Task :: Everything from the first line of the data below through the line that contains "I took some" should be written out exactly, please, and nothing more; the pictures stay out.

═════ Source data ═════

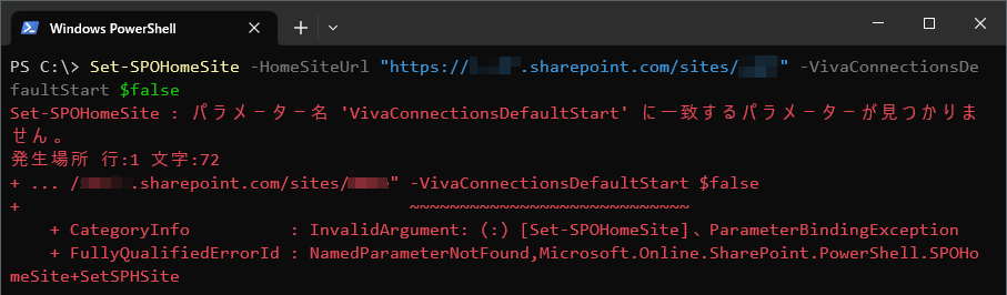 …が、こちらの手順で案内されているSet-SPOHomeSiteコマンドの引数"-VivaConnectionsDefaultStart"が機能しませんでした。
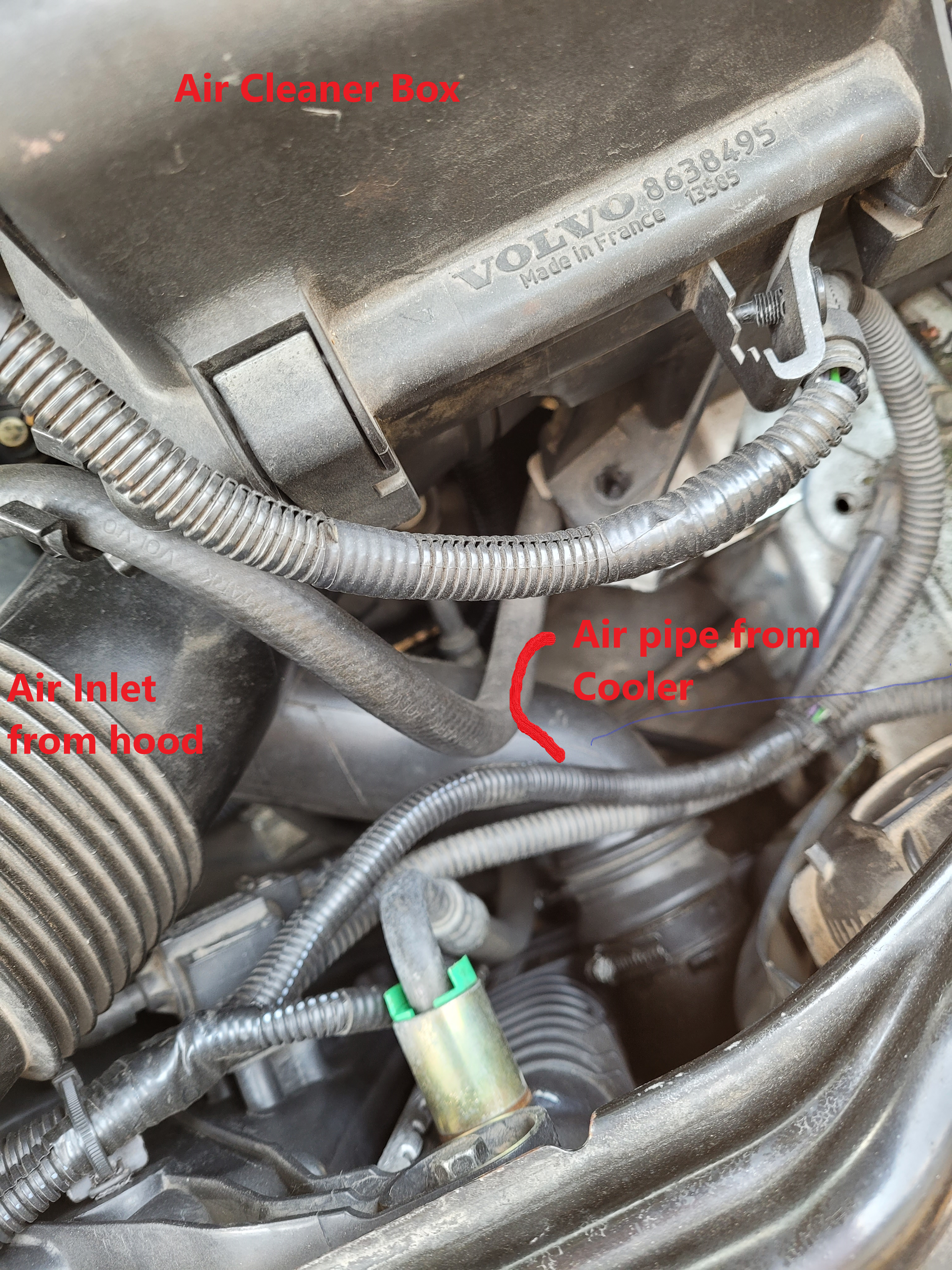 I took some photos of my 2001 V70 T5 engine in the same area and added some labels. It appears you are missing the Turbo Control Valve at least. The Turbo Control Valve has two wires going to it. One is green and the other is gray(?). They may have another color stripe.
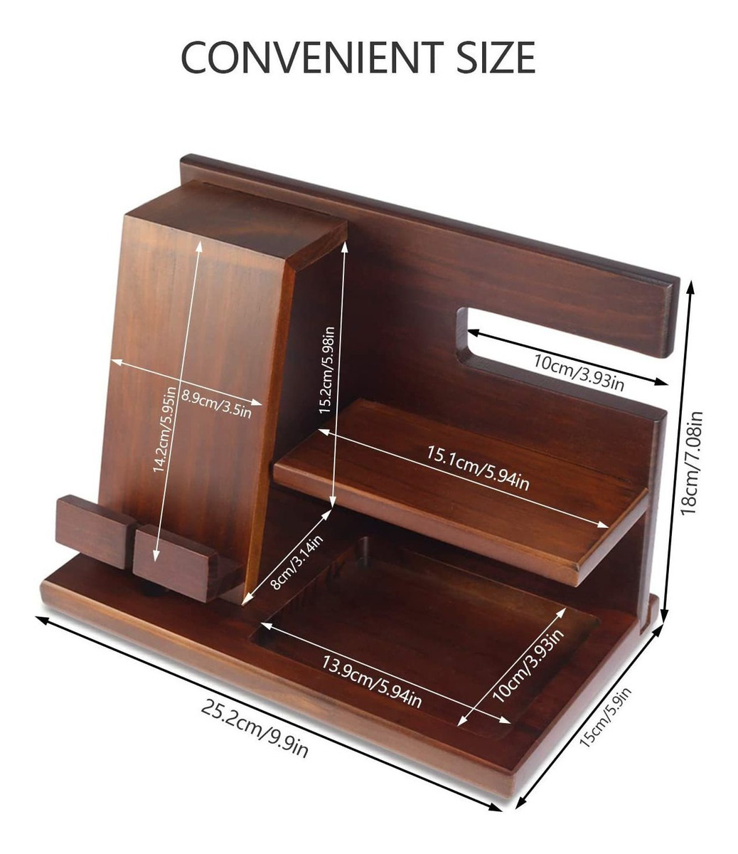 Diseño único: la estación de acoplamiento para teléfono tiene una gran capacidad para colgar llaves, colocar carteras, colgar relojes. Nota: los accesorios que se muestran en las fotos no están incluidos; Natural y respetuoso con el medio ambiente Esta estación de acoplamiento personalizada para teléfono utiliza madera maciza con pulido suave y acabado protector que se convertirá en un accesorio llamativo y muy práctico en tu escritorio o mesita de noche.; Fácil de montar: se instala de acuerdo con las instrucciones (idioma español no garantizado). Es simple y conveniente. Sólo unos pasos, obtendrás la bonita estación de acoplamiento para teléfono.; Mejor organizador de almacenamiento Compatible con todas las marcas de smartphones, tabletas, auriculares inalámbricos y tu reloj (no es compatible con otras marcas de relojes inteligentes). El soporte también tiene compartimentos para carteras, gafas, relojes, pulseras de fitness, llaves, artículos de papelería, etc.; El mejor regalo para tu marido, padre, novio, hermano, amigos. Una gran idea de regalo para Navidad, Pascua, Halloween, cumpleaños, día del padre, aniversario, graduación. Todos nuestros productos estan en inglés SKU 91221081333
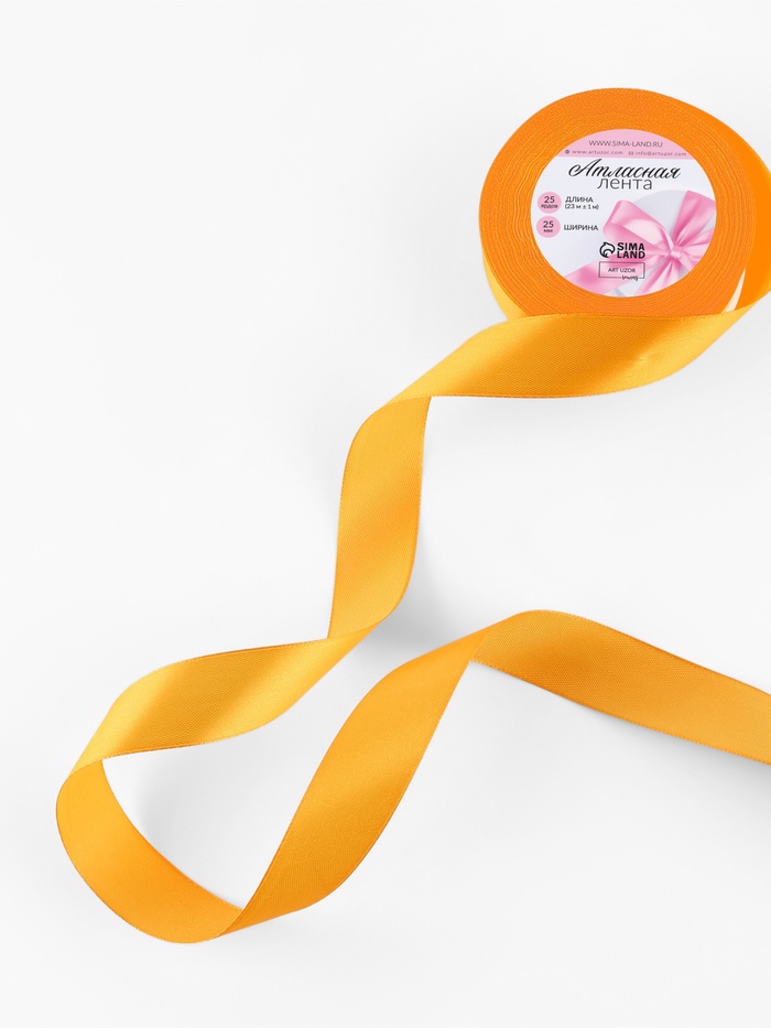 Лента атласная, 25 мм, 23±1 м, жёлто-оранжевая №17 — Характеристики
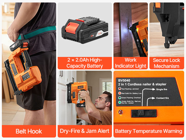 Equipped with a security lock, dry-fire protection, a visible work indicator light, and a jam warning system, this cordless nail gun resists accidental firing and tool damage. Every detail is designed to safeguard you and your workspace.

═════

Answer section ::
 …が、こちらの手順で案内されているSet-SPOHomeSiteコマンドの引数"-VivaConnectionsDefaultStart"が機能しませんでした。
 I took some photos of my 2001 V70 T5 engine in the same area and added some labels. It appears you are missing the Turbo Control Valve at least. The Turbo Control Valve has two wires going to it. One is green and the other is gray(?). They may have another color stripe.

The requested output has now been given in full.